In a relatively stable environment, a role/rank based hierarchical leadership model is valuable. The experience gained through progress in the hierarchy enables individuals to master the known, make a reliable assessment of what is likely to unfold in future, and thereby raising the probability of success for individuals as well as the organisation.
A stable environment also allows the development and use of institutionalised processes, which help identify potential leaders, develop leadership capabilities and assess their performance.
Scale and Evolution of Technology cause Increased Organisational Complexity and Environmental Uncertainty
As technologies are advancing in specific domains (e.g., communication, sensing, machine learning, information processing & management, etc.), and are getting integrated with technologies in other domains (robotics in manufacturing, self-driving cars, e-commerce, Agri-tech, fintech, etc.), the operating environment is expected to become more uncertain, reducing the degree of knowability. While it is often possible to sense the direction of change, it is rarely easy to assess the magnitude and timing of change. At the same time, the scale and geographical spread adds to organisation complexity. In an environment characterised by uncertainty and complexity, the hierarchy-based organisation model is less likely to provide reliable leadership choices in a way it previously could. In a complex, uncertain environment, the willingness to experiment and the speed of decision-making matters more than getting it right the first time. In other words, we need to focus on raising the probability of success through experimental choices.

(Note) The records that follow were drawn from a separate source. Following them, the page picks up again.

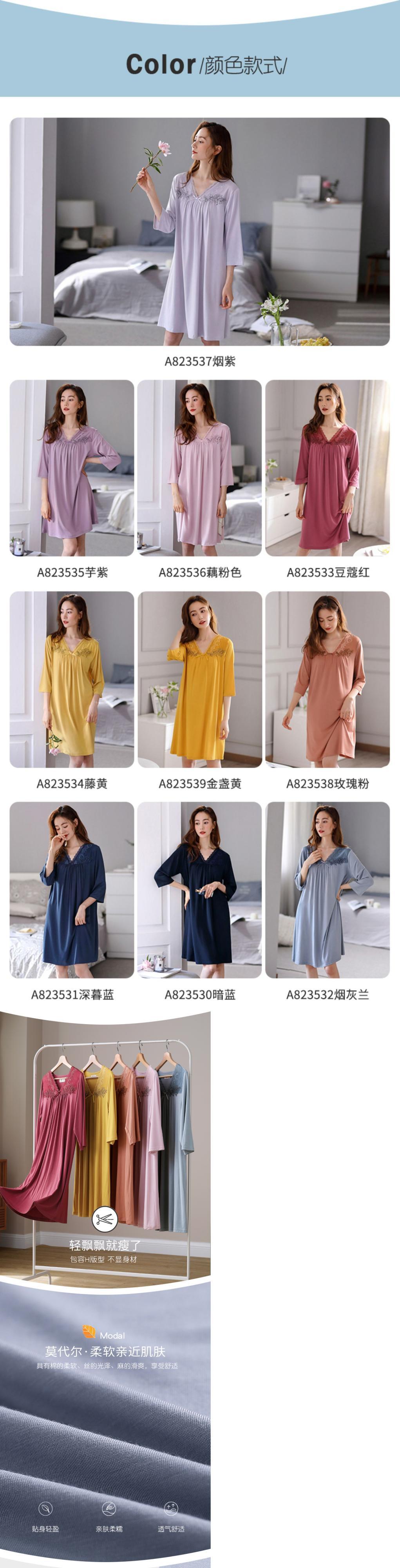 2021年の新しいスタイルのネグリジェレディースパジャマ春夏夏薄切片モーダル7点袖プラスサイズのドレス jial41193232171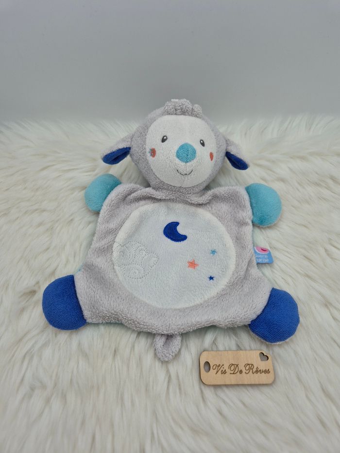 Doudou plat Mouton gris blanc bleu lune étoiles Sucre d’Orge
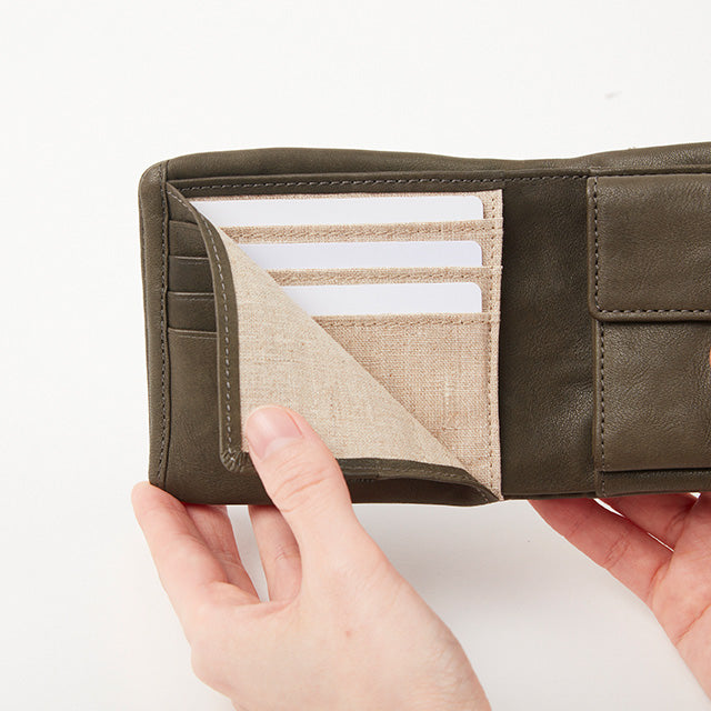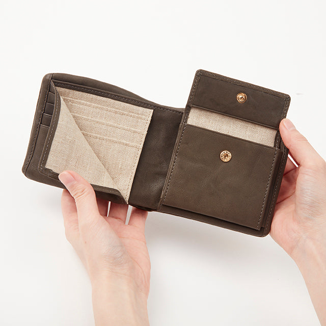 揉み加工によって生まれる革の独特な凹凸感と、オイルを含ませることで感じられる柔らかな質感が特徴のお財布シリーズ。幾多の工程と時間を経て仕上げられた迫力ある革は、使い込むほどに艶が増し、深みのある風合いへと育っていきます。また、内装には麻の生地を使用。ナチュラルな素材本来の魅力に、あたたかみを添えくれます。

Delayering helps speed-up decision-making, but limits the opportunity for Reflective Thinking and Practice
Delayering has been one of the many organisational responses, but it has come with unintended consequences. Delayering leaves very little time for experience-based learning, as the leadership teams are required to hit the road from day one. While leadership is a learnable capability in certain circumstances, it has a significant component that relies on reflective thinking and reflective practice. Experience of dealing with complex, uncertain environment is as important as the knowledge of how to do deal with complex and uncertain situations.
A Diverse Workforce helps build a culture of Collaboration and Innovation and enhances the probability of personal and organisational success
Rapid adoption of new technology (e.g., information and telecom) has required organisations to increasingly rely on younger people, as they are the ones who bring the most recent knowledge to an organisation. Similarly, the increased mobility through local or cross-border migration for education and/or employment has been changing the workforce mix even in the aging societies.

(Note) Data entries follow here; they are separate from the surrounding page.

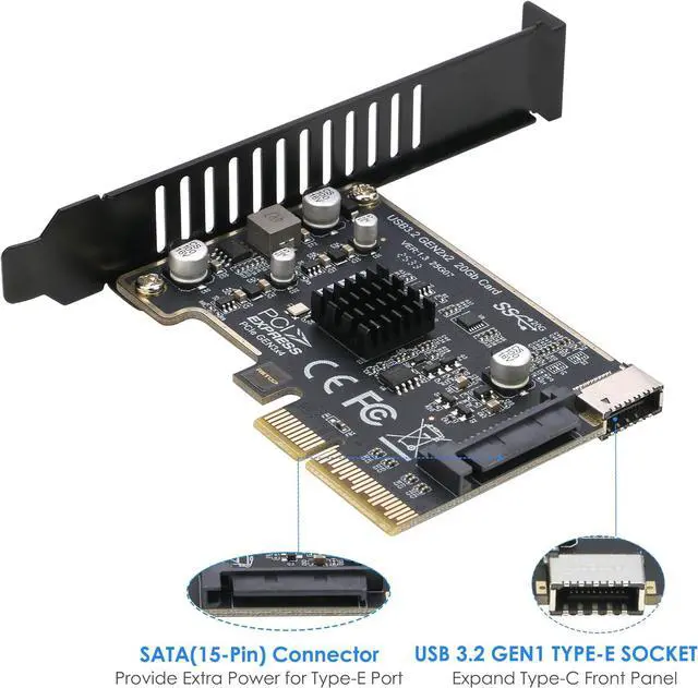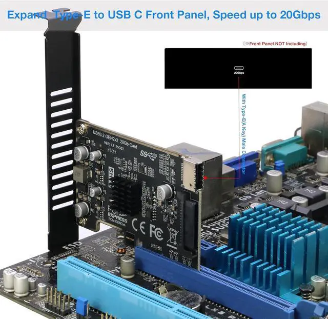Easy to install: PCIe x4 to Type-E Host Internal card can be inserted to PCIe slot on MB, the extra SATA power connector is not necessary, can be connected When connecting power-hungry devices to your front panel. Please Note: The card can not be connected with any External USB Device directly, You may have USB C Type-E Front Panels to work with it together
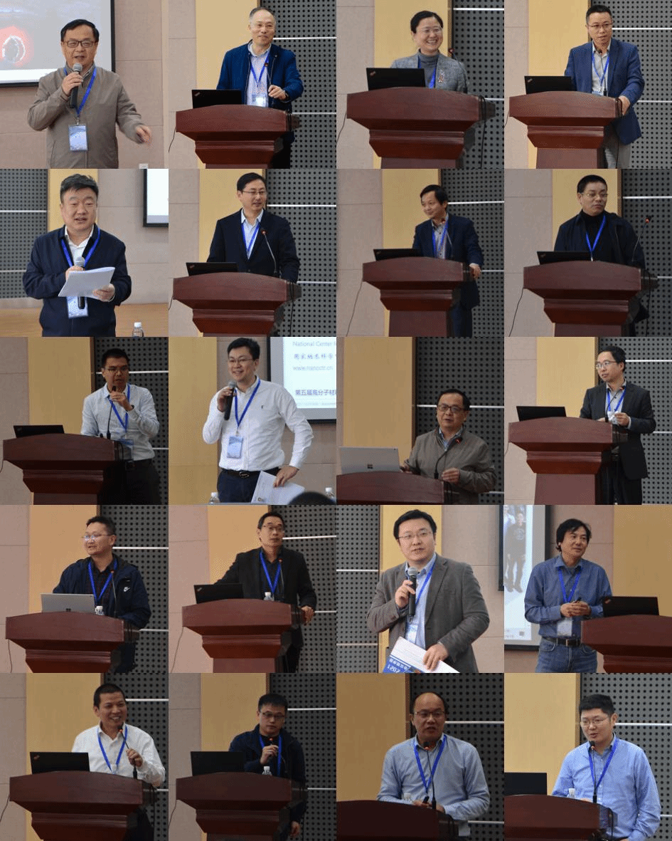 研讨会共分为16个主题报告。上海交通大学路庆华教授首先以“聚酰亚胺在电子领域的应用”为题,系统介绍了他们团队在这一领域的研究进展。随后中山大学、北京航空航天大学、华中科技大学、南开大学、国家纳米科学中心、同济大学、武汉大学、郑州大学、中国科学院长春应用化学研究所、苏州大学、西北工业大学、东华大学的知名专家分别围绕高性能功能聚酰亚胺研究进展、仿生纳米复合材料、多功能聚合物微针阵列及其在浅表疾病治疗中的应用、高分子表面动态褶皱图案、聚合物薄膜表面可控褶皱与光学编码加密应用、多功能纳米复合材料与触觉传感应用、石墨烯范德华界面力学性能、超声响应、骨靶向及血管造影高分子囊泡、基于KOH/尿素水溶液的甲壳素新材料、基于可控/“活性”聚合理论的纳米晶体精准定制、聚甲基丙烯酸十八酯的侧链结晶动力学、刺激响应性有机发光材料的最新研究进展、聚合物手性结构与材料、本征高导热高分子材料、可拉伸离子导电复合材料等研究内容做了高水平报告。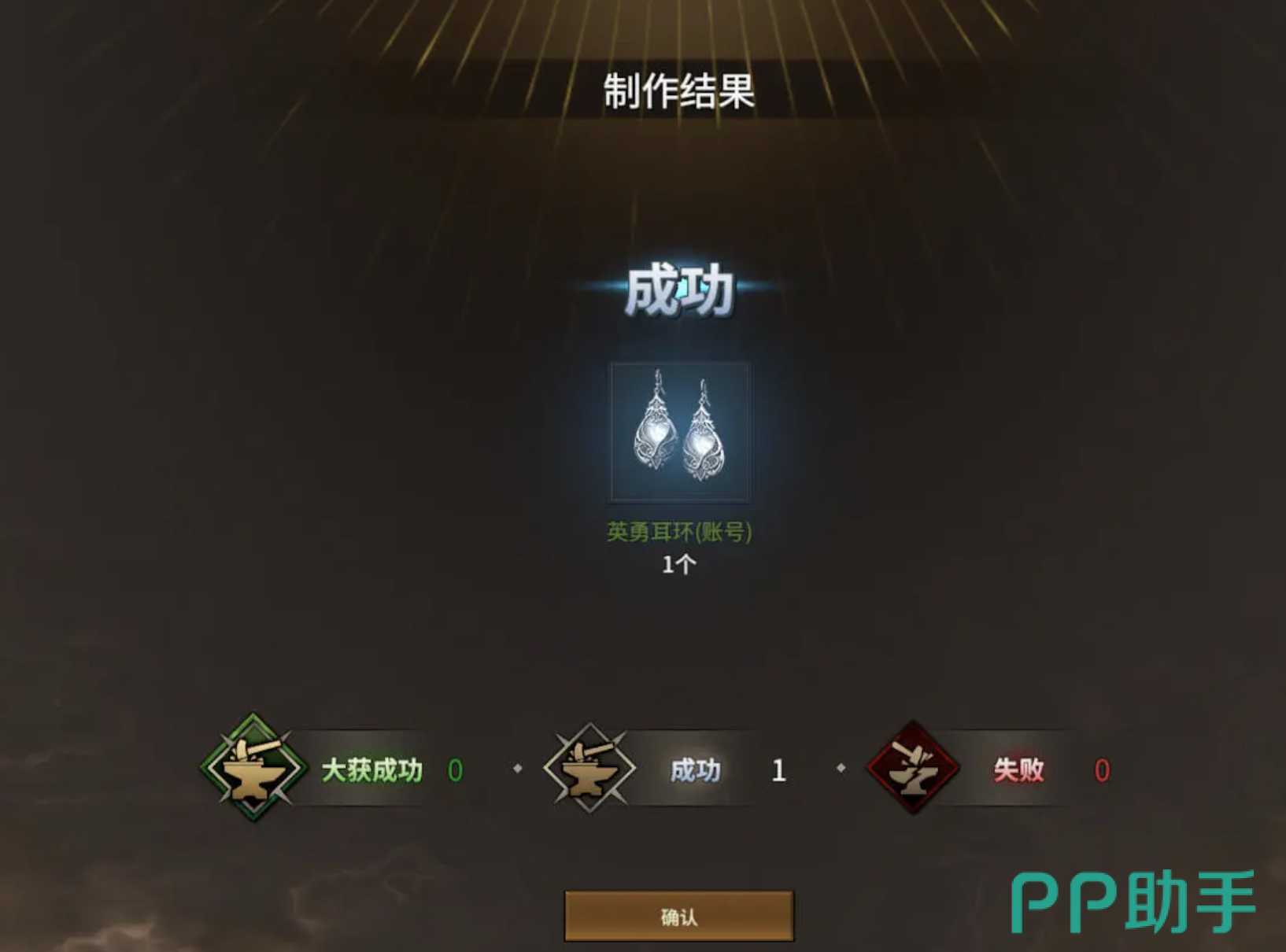 每次制作结果具有概率机制,共设三种判定:失败、成功、大成功。若判定为失败,则所有已投入材料全部消耗,不产出任何物品;若为成功,则生成一件绑定装备,仅限本账号使用,不可交易;唯有触发“大成功”,方可产出一件非绑定成品,既可用于自身战力配置,亦可在游戏内交易市场自由上架出售,转化为稳定金币收益。

The shift in generational mix is also being aided by changes in the very nature of work (e.g., fragmentation of value chains combined with increased automation implies that experience matters less), nature of contractual arrangement (e.g., increasing share of temporary workers), increasing entrepreneurial activity among the young as well as the middle-aged, etc.
Yet another set of factors impacting the generational mix includes social (increasing woman participation and relatively high mid-career drop outs), demographic (increased longevity) and economic (stagnant real-median incomes requiring people to work longer) conditions.
At the same time, the workforce with higher education is retiring sooner than in the past as they are financially secure and start looking to do what is closer to their heart.
In short, the nature, technology and economics are coalescing to create a multi-generational, multi-cultural workforce across the world.
At this stage, we believe that it is important to discuss the role of leadership and see if we can develop a shared perspective about what it means to lead in an uncertain and complex environment. As a conversation starter, we have listed below the following questions:
What is the role of leadership in an environment characterised by high degree of complexity and uncertainty?
What are the leadership behaviours that can help make organisations future-ready, given that a multi-generational, multi-cultural workforce is a reality?
Do we need visible heroic role-models, or do we need invisible leaders who collaborate to build the institutional core?
We have shared a few perspective papers and insights-based articles on our website:
- Changing the Nature of Conversations on Leadership by Dr Anujayesh Krishna at https://www.ideassansideology.org/2399-2/
- Capability Building in a Community: A Story from Pre-Independence India by Prof. Ramnarayan https://www.ideassansideology.org/capability-building-in-a-community-a-story-from-pre-independence-india/
- 4 Reasons why you should stay with a Bad Manager by David Wee https://www.ideassansideology.org/1569-2/
The questions and the ideas above were also a part of our discussion at the IASCC-XLRI Leadership Conclave held on August 10-11, 2018. The summary of conversations at the Conclave is available at https://www.ideassansideology.org/engagements/leadership-conclave/summary/ .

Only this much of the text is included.